Digitalis testified to such a cast with the Sigma 8-16: "...the Sigma 8-16mm f/4.5-5.6 has the pronounced yellow/green cast followed closely by the Sigma 18-35mm f/1.8." The fact that no professional review sites mention this is irrelevant. Professional review sites tend to be dominated by numbers-orientated gearheads who don't care about color rendition.
Originally posted by Edgar_in_Indy
And even if it were true that Sigma lenses all somehow manage to have some kind of unusual color cast, is that even an issue if you shoot RAW?
Yes, it can be. Color changing controls in PP software are rather crude. You can target large groups of color and make broad changes, but if you have a very specific tone of color in mind (a very specific hue of green or blue, for instance) achieving that in post can be very difficult. You can't necessarily achieve that tone merely by shifting the hue controls targeted at all green or all blue tones. The most powerful color changing control in PP software tends to be white balance; that's the most effective way of correcting color casts from lenses. The problem is, if a lens is producing yellowish-green foliage, and you use the white balance sliders to correct it, it will throw all the other colors off.
Originally posted by Edgar_in_Indy
So Pentax lenses all have the same exact perfect color cast, even though they are designed variously by Pentax, Tokina and Tamron?
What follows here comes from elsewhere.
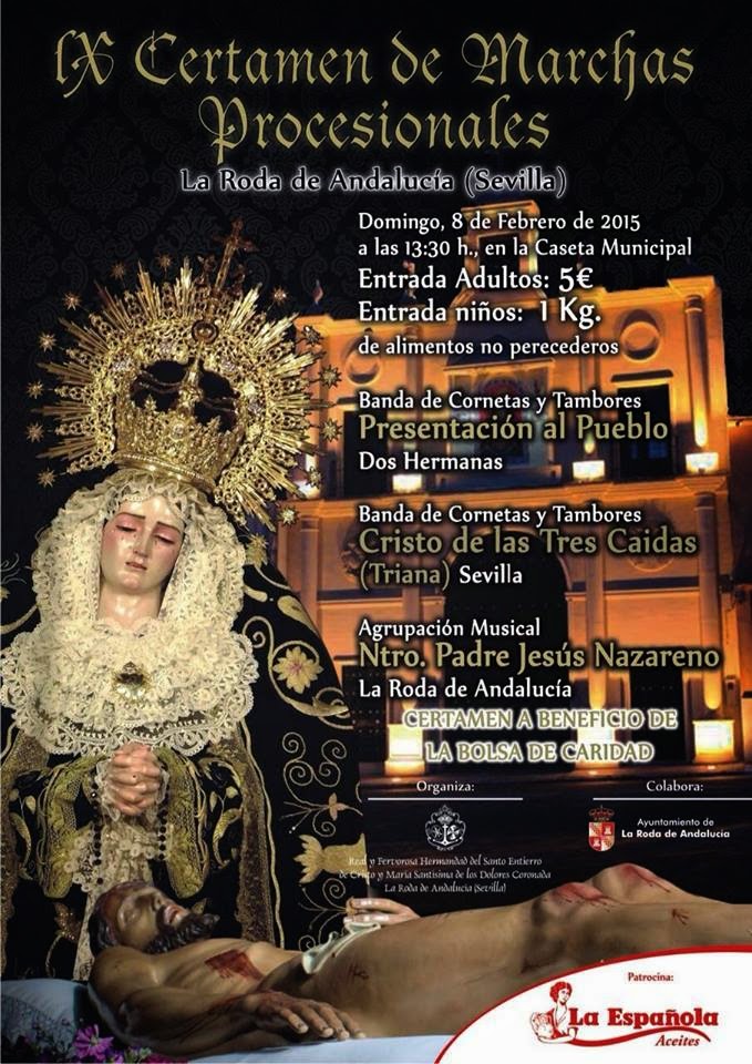 La Hermandad del Santo Entierro y María Santisima de los Dolores Coronada de La Roda de Andalucía organizan el Noveno Certamen de Marchas Procesionales que tendrá un caracter solidario, ya que la entrada será de 5 euros para adultos y 1 kilo de alimentos no perecederos los niños, que irá destinado a la Bolsa de Caridad.

I'm not sure any lens has an "exact perfect color cast," but some lenses seem to render colors in a way that's more pleasing to some of us. These differences are subtle, but so are differences in sharpness, bokeh, color fringing, and other lens' characteristics that people endless fuss over. I happen to be acutely sensitive to color, so these differences are important to me. Other photographers who are less sensitive to color differences or whose style of photography is less concerned with color may not care.
The fact that some Pentax lenses were designed by Tamron and Tokina is largely irrelevant to color rendition, since coatings play a big role in color rendering, and all the non-Pentax designed Pentax lenses feature Pentax's SMC coatings. The Olympus M. Zukio 75 f1.8 is (supposedly) a Sigma designed lens; but it renders colors, not like other Sigma lenses, but like other Olympus' lenses, because Olympus used their own coatings on a Sigma design.
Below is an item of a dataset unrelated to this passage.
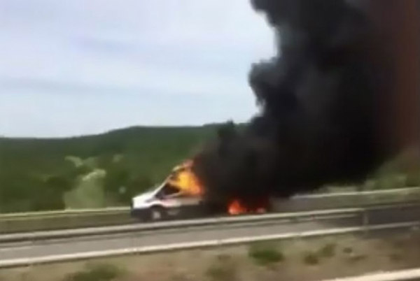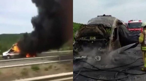 அப்போது திடீரென ஆம்புலன்சில் இருந்த ஆக்சிஜன் சிலிண்டர் வெடித்து சிதறி தீப்பற்றியுள்ளது. இதிலிருந்து தப்புவதற்காக, Necmiye உட்பட ஆம்புலன்ஸ் ஊழியர்கள் மூன்று பேர் வேகமாக வாகனத்திலிருந்து இறங்கியுள்ளனர்.

Originally posted by Edgar_in_Indy
I think there's a lot of people who reflexively don't want to give too much credit to a non-Pentax lens, and to sometimes attribute undue virtue to anything with "Pentax" on it. Somewhat conveniently, Pentax seems to excel at everything that can't be measured.
Some Pentax lenses (the limiteds for example) are designed with a greater emphasis on non-measurable qualities than qualitative specs. So it shouldn't be surprising that you would find, in a pentax forum, people who are sympathetic to Pentax's lens design philosophy, who care more about what images from a specific lens look like to human perception, rather than how that lens performs on so-called "objective" tests.
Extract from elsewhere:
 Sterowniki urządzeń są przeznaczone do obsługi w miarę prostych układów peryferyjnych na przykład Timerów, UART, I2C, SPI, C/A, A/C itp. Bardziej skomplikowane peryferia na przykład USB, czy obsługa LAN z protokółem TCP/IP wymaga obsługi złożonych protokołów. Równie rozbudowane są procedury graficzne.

Originally posted by Edgar_in_Indy
And if a particular Pentax lens is sharp, the sharpness is mentioned and praised on here endlessly. But when Sigma lenses are sharp, it's because they're one-dimensional spec-whores.
There are a lot of people who will praise any lens they like as being "sharp" because they believe (falsely) that sharpness largely determines a len's IQ.
Not all of us who like Pentax glass because of its unique characteristics or color rendition or the design philosophy behind the limiteds are Pentax fanboys who like anything with a Pentax label on it. I'm not a fan, for instance, of the DA 18-55; I think it's over-rated even as a kit lens. Nor am I a fan of Pentax's flashes (I prefer Metz). I think both Canon and Nikon produce better high end cameras than Pentax. This is not a fanboy issue, but an issue regarding how best to evaluate lenses. Can comparable Sigma lenses be regarded as good (or better) than Pentax lenses merely because the Sigma glass scores as well (or better) on numerical tests? Since photography is essentially an aesthetic discipline, geared to the aesthetics of human perception, I say
No,
numerical specs are over-rated. That does not, however, mean that I regard Sigma lenses as "one-dimensional spec-whores." The issue really has far more to do with questions over how lenses should be evaluated than questions about Sigma vs Pentax. What I object to is not that someone happens to prefer (or regards as a better value) Sigma glass. That's a personal decision based on preference. What I object to is when people try to justify this preference on the basis of numerical specs, which I regard as a mistaken approach.